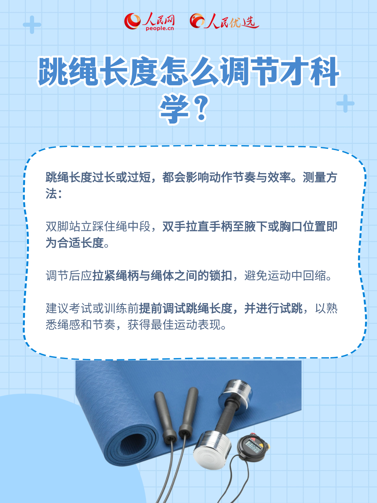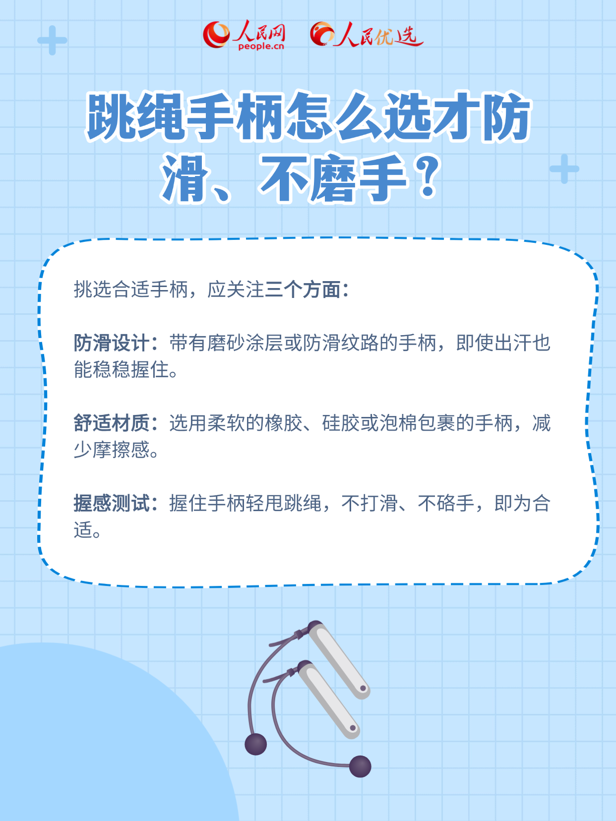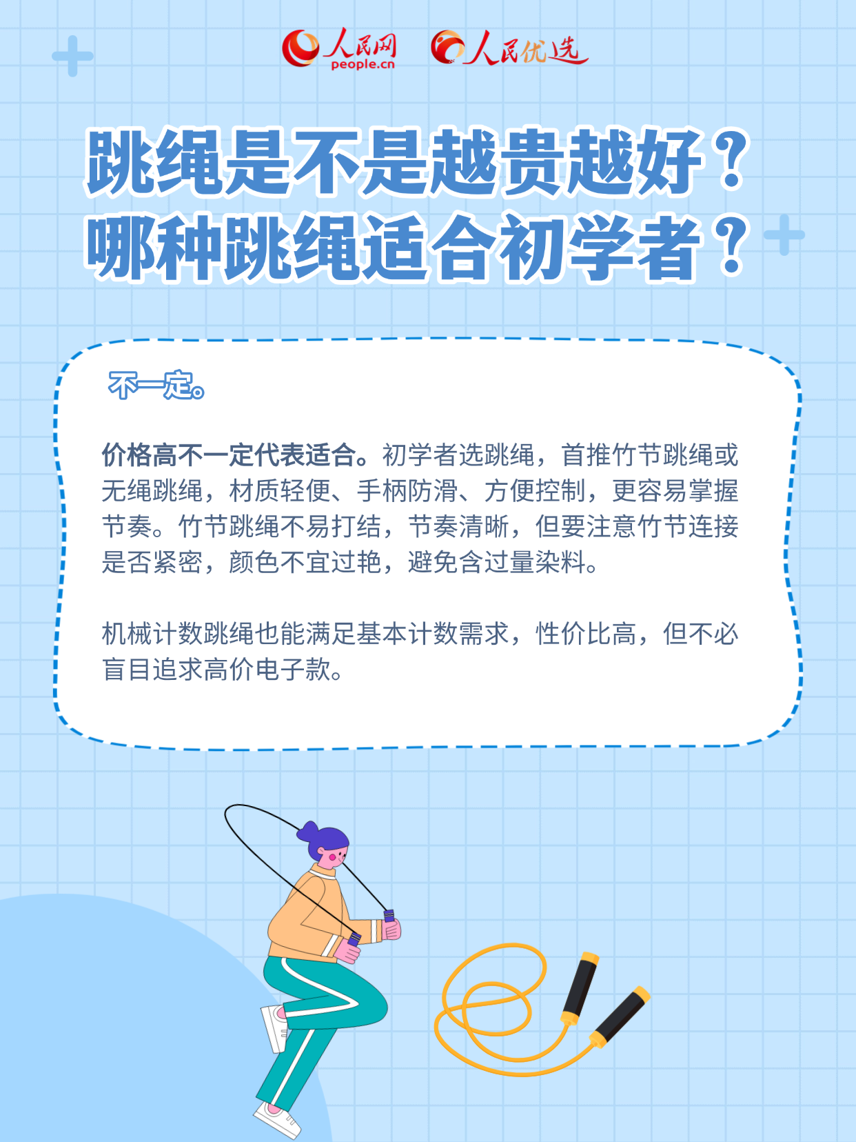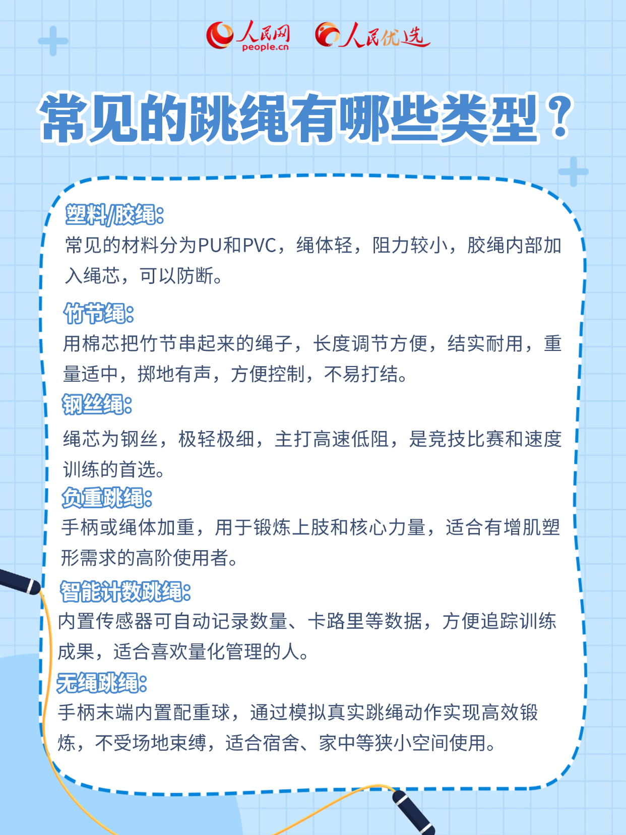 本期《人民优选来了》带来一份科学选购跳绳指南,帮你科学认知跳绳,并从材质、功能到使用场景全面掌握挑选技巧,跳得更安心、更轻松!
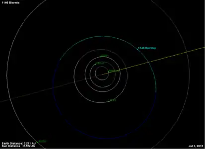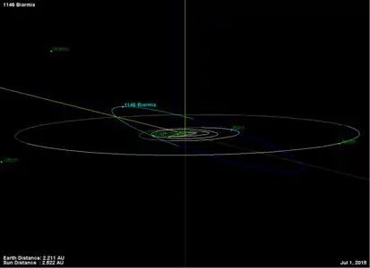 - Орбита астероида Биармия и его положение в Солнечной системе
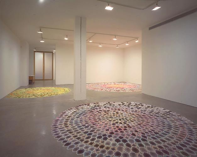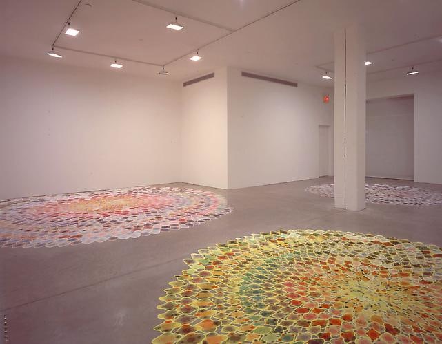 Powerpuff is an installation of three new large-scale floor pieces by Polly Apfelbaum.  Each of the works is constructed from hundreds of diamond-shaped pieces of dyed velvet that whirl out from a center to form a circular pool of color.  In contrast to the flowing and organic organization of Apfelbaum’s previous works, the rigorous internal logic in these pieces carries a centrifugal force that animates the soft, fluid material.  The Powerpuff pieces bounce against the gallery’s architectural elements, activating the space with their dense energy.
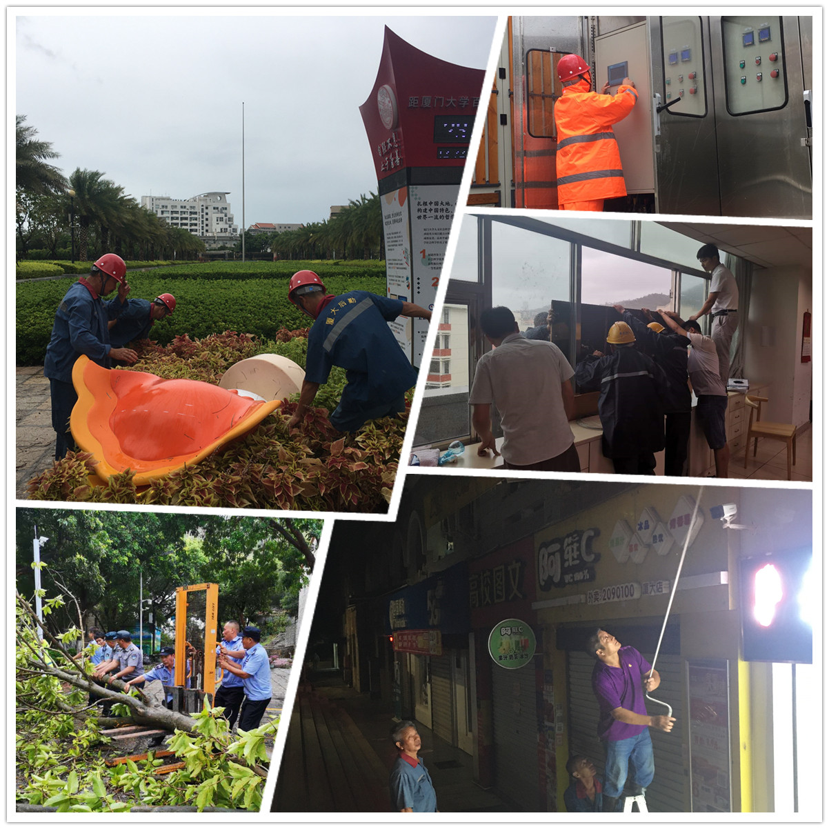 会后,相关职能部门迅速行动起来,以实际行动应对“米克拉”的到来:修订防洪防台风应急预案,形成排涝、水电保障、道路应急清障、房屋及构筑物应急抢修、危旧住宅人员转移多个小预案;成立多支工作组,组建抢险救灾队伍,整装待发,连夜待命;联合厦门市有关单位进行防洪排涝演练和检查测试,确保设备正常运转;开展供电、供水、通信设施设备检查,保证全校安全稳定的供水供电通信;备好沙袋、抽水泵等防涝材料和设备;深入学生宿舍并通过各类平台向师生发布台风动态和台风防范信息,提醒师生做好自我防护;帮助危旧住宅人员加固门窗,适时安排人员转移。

[BRIEF] Word for word, retype the lines from the one that contains "Powerpuff is an" through the final line of the data, both ends included, excluding pictures.

[REPLY TO THE TASK]
 Powerpuff is an installation of three new large-scale floor pieces by Polly Apfelbaum.  Each of the works is constructed from hundreds of diamond-shaped pieces of dyed velvet that whirl out from a center to form a circular pool of color.  In contrast to the flowing and organic organization of Apfelbaum’s previous works, the rigorous internal logic in these pieces carries a centrifugal force that animates the soft, fluid material.  The Powerpuff pieces bounce against the gallery’s architectural elements, activating the space with their dense energy.
 会后,相关职能部门迅速行动起来,以实际行动应对“米克拉”的到来:修订防洪防台风应急预案,形成排涝、水电保障、道路应急清障、房屋及构筑物应急抢修、危旧住宅人员转移多个小预案;成立多支工作组,组建抢险救灾队伍,整装待发,连夜待命;联合厦门市有关单位进行防洪排涝演练和检查测试,确保设备正常运转;开展供电、供水、通信设施设备检查,保证全校安全稳定的供水供电通信;备好沙袋、抽水泵等防涝材料和设备;深入学生宿舍并通过各类平台向师生发布台风动态和台风防范信息,提醒师生做好自我防护;帮助危旧住宅人员加固门窗,适时安排人员转移。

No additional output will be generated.